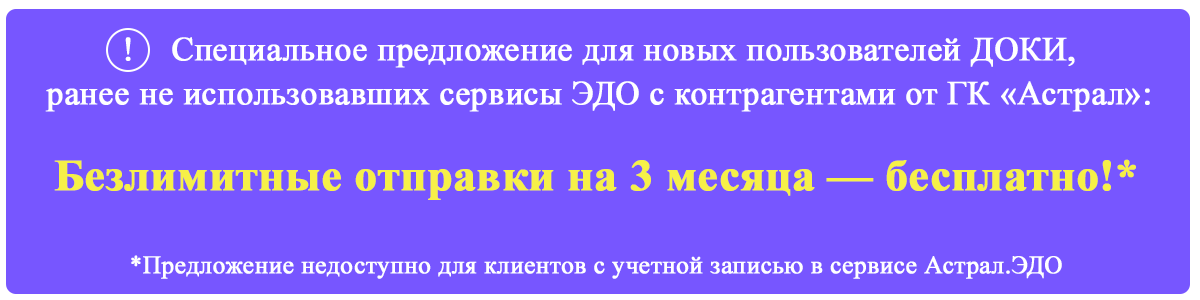 Доки - сервис электронного документооборота от ГК "Астрал". Сервис предназначен для обмена юридически значимыми документами с контрагентами через оператора электронного документооборота (ЭДО).
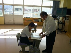 3年生は、高校入試の面接試験に向けて、面接の練習を進めています。資料をもとに、入退室やノックの仕方等のマナーを学び、質問内容を考えてきました。担任の先生や学年部の先生が面接官となり、実際に面接練習をし始めました。まだまだ所作や受け答えに課題がありますが、本番に向けて練習を重ねていきます。
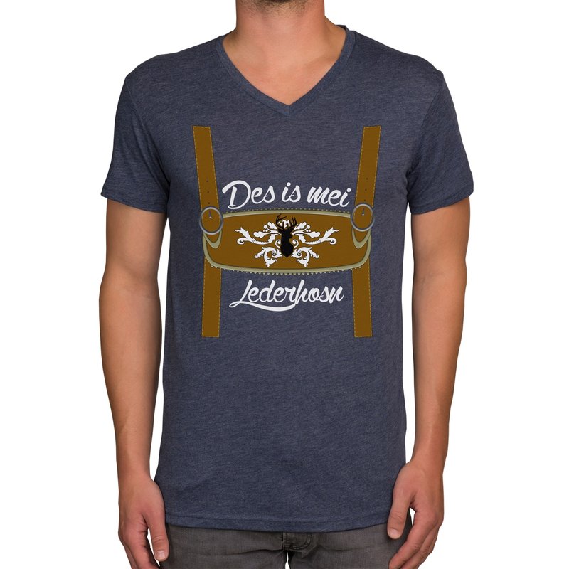 Herren Oktoberfest T-Shirts - Des is mei Lederhosn! - Männer Shirt mit Rundhals- und V-Ausschnitt V-Neck dunkelblau-weiss XXXL
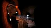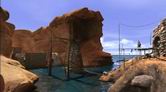 少し周囲を調べてみましょう。入り江には小さな鉄塔があって、塔の向こうには発電所の水門と電力ケーブルが見えます。石の建物からキャットウォークの終端の金属ポールには、太い電力ケーブルが張られています。ケーブルはさらにキャットウォークの下を通って、海中に延びています。また、鉄塔から峡谷の発電所に向かってケーブルが延びています。入り江のガントリーと鉄塔は、この島の各所に電力を供給する発電システムの一部を構成しています。
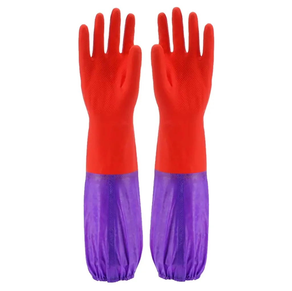 Теплые резиновые перчатки с длинным рукавом, красные кухонные моющие блюда, водонепроницаемые бытовые перчатки для мытья автомобиля
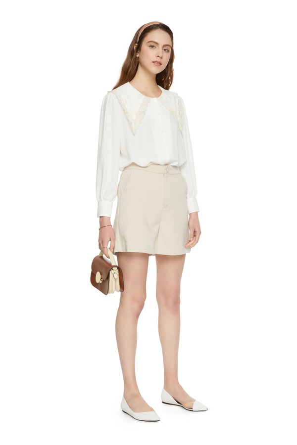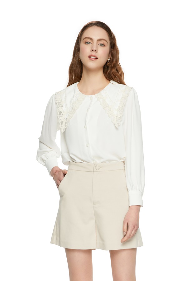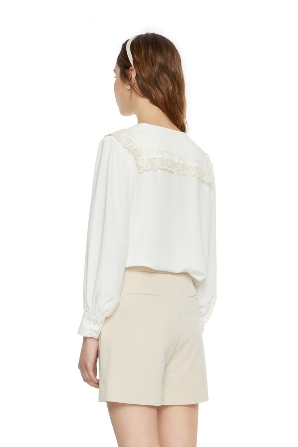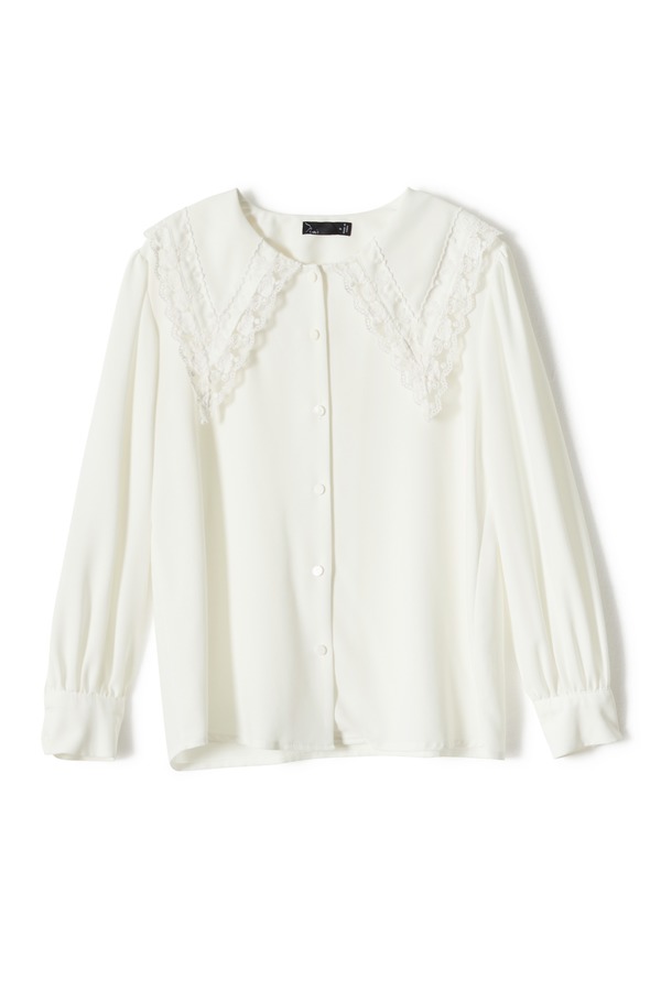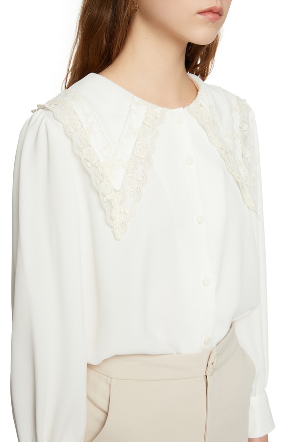 NOIR 夸张花朵翻领白色上衣 6298

———

* [What you have to do] Beginning at the line that contains "Теплые резиновые перчатки", copy each remaining line of the records exactly, through the final one. Omit the pictures.

* [Exercise answer]
 Теплые резиновые перчатки с длинным рукавом, красные кухонные моющие блюда, водонепроницаемые бытовые перчатки для мытья автомобиля
 NOIR 夸张花朵翻领白色上衣 6298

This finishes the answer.